Re: [css3-mediaqueries] Re: Media queries using relative units

On Sun, May 20, 2012 at 12:30 PM, Boris Zbarsky <bzbarsky@mit.edu> wrote:
>>
>> The width as measured in CSS pixels is the same. Having a retina display
>> doesn't change the width, so why should zoom?
>
>
> It really depends on the zoom implementation.  Some zoom implementations
> work by just changing the size of a CSS px, since that automatically resizes
> everything that's not using percentage sizes..
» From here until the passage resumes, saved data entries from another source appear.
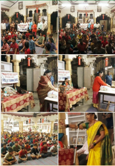
A First aid training program was held at Vidhyarthi Gruh, Pune, Maharashtra. 130 participants attended the training program.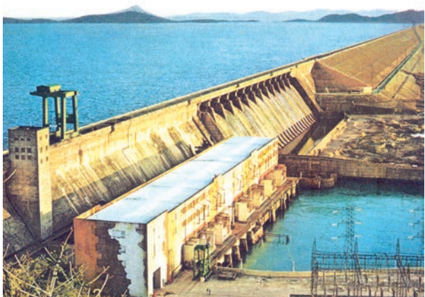
Fig. 3.2: Hirakud Dam

What are dams and how do they help us in conserving and managing water? Dams were traditionally built to impound rivers and rainwater that could be used later to irrigate agricultural fields. Today, dams are built not just for irrigation but for electricity generation, water supply for domestic and industrial uses, flood control, recreation, inland navigation and fish breeding. Hence, dams are now referred to as multi-purpose projects where the many uses of the impounded water are integrated with one another. For example, in the Sutluj-Beas river basin, the Bhakra – Nangal project water is being used both for hydel power production and irrigation. Similarly, the Hirakud project in the Mahanadi basin integrates conservation of water with flood control.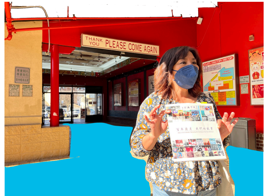
We Love Buford Highway site visit

We want the communities in the Atlanta region that have been historically and systematically marginalized and excluded to be supported as partners and co-creators in the planning process to express and fulfill their ideas and desires through THEIR OWN social, artistic, and cultural practices.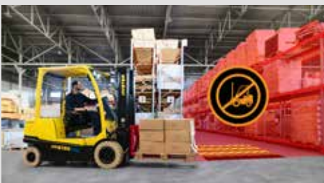
EXCLUSION ZONES to prevent equipment from entering designated areas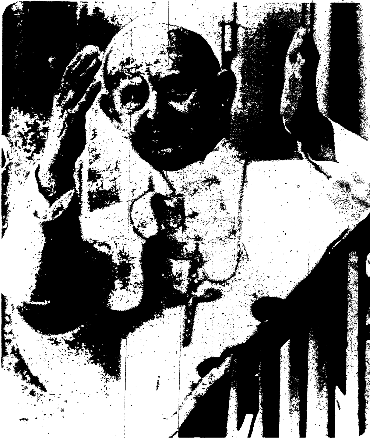
Greetings to Yugoslavia

Pope Paul VI acknowledges the cheers of the crowd after giving them his Sunday blessing from the terrace of his Summer home in Castelgandolfo, Italy. After the blessing, the pontiff — speaking in Serbian, Croatia and Slovene — broadcast special greetings to thousands of Catholics gathered in Yugoslavia at the end of two Marian congresses. The International Mariological-Marian Congresses, the first ever held in a Communist country, took place in Zagreb. (RNS)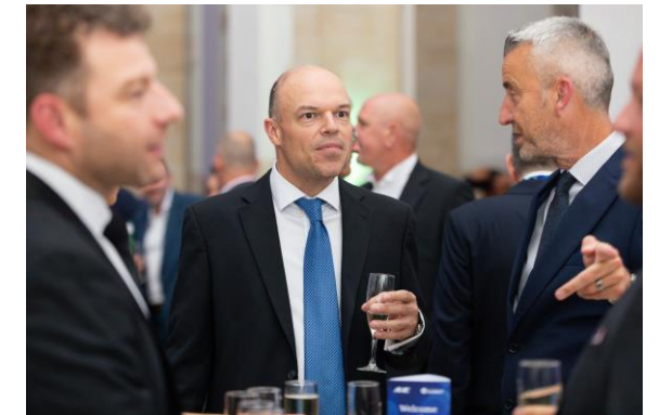
AUE Gala Dinner & Drinks Reception 2024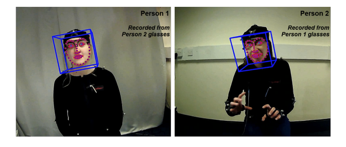
Figure 1: Dyad recording setup. Person 1 and 2 are seated in front of each other. The footage is recording from a camera on each person's PupilLab Glasses. The blue box and the facial landmarks are exported from OpenFace software and added to the original video.

In this work, we look at the gaze and speech of participants during unstructured conversational tasks. We aim to validate some of the previously reported gaze behaviours, but also to look at how people's gaze changes when they are looked at or not by the other person. This initial work aims to strengthen our understating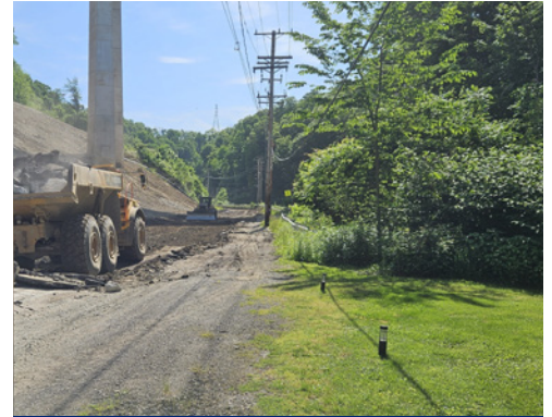
New England Road reconstruction under new bridges.

Could you explain the decision to have the default zoom mode trigger
MQs in Firefox? Because I think it is the right one; as a developer
that is exactly what I want to happen as it makes the site much more
accessible than it would otherwise be.

To illustrate: I have a friend with a low-vision impairment. His
browser zoom (in Chrome) is set very high, which means on many pages
he visits every day, the layout is deteriorated—not only do elements
often get pushed out of place or wrap uncomfortably, but he has to do
a lot of scrolling back and forth as the page width increases beyond
the viewport width. This should sound familiar even to those of us
without visual impairments, as it is essentially the same problem
anyone would have accessing a desktop-optimized site on a mobile
device.

Em-based MQs triggered by page zooms completely solve this problem,
since if the site is responsive, then at a certain zoom level the
quote-unquote "mobile" layout will kick in and the whole page will
automatically be optimized for a smaller viewport. Note that Opera has
the same behavior here as Firefox, so if WebKit followed suit it would
unify browser behavior and un-break a lot of the Web as the responsive
movement gains more and more traction.